:: Exercise data ::

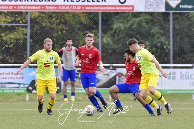 Fussball, Rheinlandliga, SG Altenkirchen-Neitersen (rot-blau) vs. FC Metternich (gelb), 23.10.2022 |
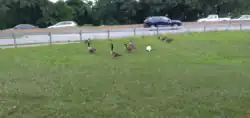 Canada Geese and a Pekin Domestic Duck feeding by the highway at Willson's Woods Park.
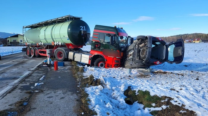 Bei einem schweren Unfall in St. Martin im Sulmtal wurde eine hochschwangere Pkw-Lenkerin (42) verletzt, insgesamt mussten drei Menschen ins Krankenhaus gebracht werden. Gefahrguttransporter war nicht beladen.
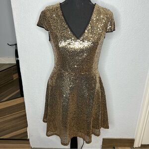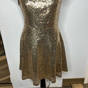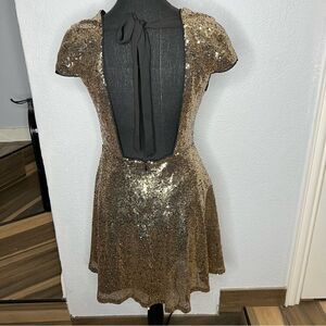 NEW! Lulu’s Holiday Party Ready Larsa Gold Sequin Backless Mini Dress Size S
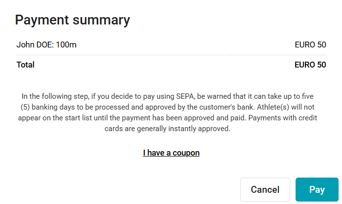 - Payment complete - payment was successful and an athlete/relay is or will be moved to the start list shortly.
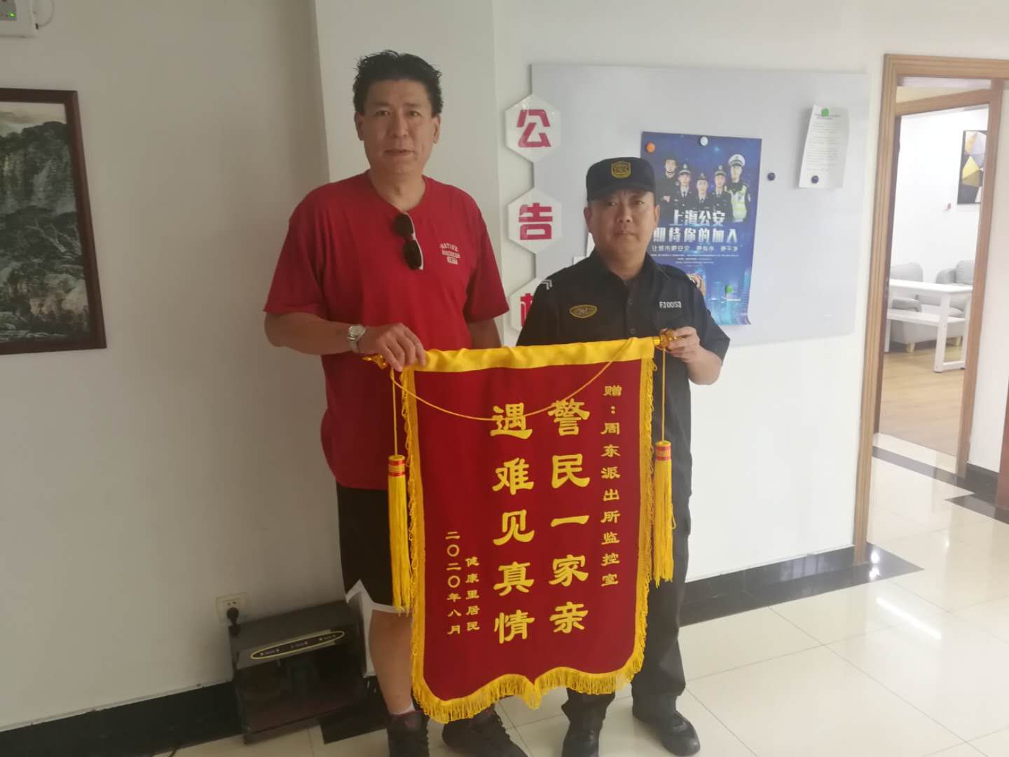 8月7日,一位男士将一面绣着“警民一家亲,遇难见真情”的锦旗送到了周东派出所,感谢派出所监控室帮助他找到丢失的钱包。
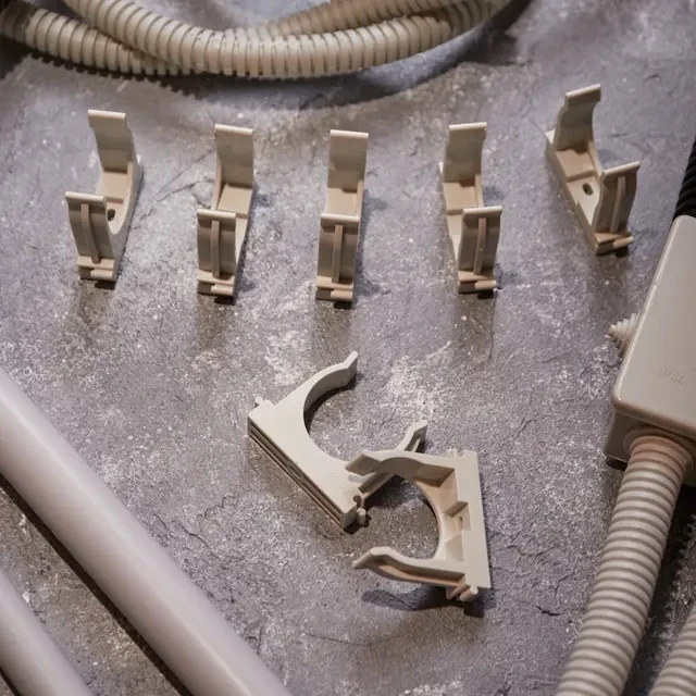 Крепеж-клипса для монтажного пистолета предназначен для крепления пластиковых труб к стене, потолку или полу. Выдерживает повышенные механические нагрузки, возникающие при монтаже с использованием пневмопистолета. Изготовлен из качественных материалов по современным технологиям пластикового литья. Изделие оснащено фиксаторами типа "шип-паз": при установке возможно соединять крепежи-клипсы различных диаметров. Для установки элемента предусмотрено технологическое отверстие под дюбель или саморез, а также уменьшенное отверстие под гвоздь по бетону. Широкие лапки изделия обеспечивают надежную фиксацию труб без возникновения замятий. Благодаря качественному пластику и прочным ребрам жесткости крепеж-клипса не ломается и не ослабляется под воздействием низких и высоких температур.

:::

Your task: All of the lines above must be repeated without alteration, though the pictures are to be excluded.

Output of the exercise:
 Fussball, Rheinlandliga, SG Altenkirchen-Neitersen (rot-blau) vs. FC Metternich (gelb), 23.10.2022 |
 Canada Geese and a Pekin Domestic Duck feeding by the highway at Willson's Woods Park.
 Bei einem schweren Unfall in St. Martin im Sulmtal wurde eine hochschwangere Pkw-Lenkerin (42) verletzt, insgesamt mussten drei Menschen ins Krankenhaus gebracht werden. Gefahrguttransporter war nicht beladen.
 NEW! Lulu’s Holiday Party Ready Larsa Gold Sequin Backless Mini Dress Size S
 - Payment complete - payment was successful and an athlete/relay is or will be moved to the start list shortly.
 8月7日,一位男士将一面绣着“警民一家亲,遇难见真情”的锦旗送到了周东派出所,感谢派出所监控室帮助他找到丢失的钱包。
 Крепеж-клипса для монтажного пистолета предназначен для крепления пластиковых труб к стене, потолку или полу. Выдерживает повышенные механические нагрузки, возникающие при монтаже с использованием пневмопистолета. Изготовлен из качественных материалов по современным технологиям пластикового литья. Изделие оснащено фиксаторами типа "шип-паз": при установке возможно соединять крепежи-клипсы различных диаметров. Для установки элемента предусмотрено технологическое отверстие под дюбель или саморез, а также уменьшенное отверстие под гвоздь по бетону. Широкие лапки изделия обеспечивают надежную фиксацию труб без возникновения замятий. Благодаря качественному пластику и прочным ребрам жесткости крепеж-клипса не ломается и не ослабляется под воздействием низких и высоких температур.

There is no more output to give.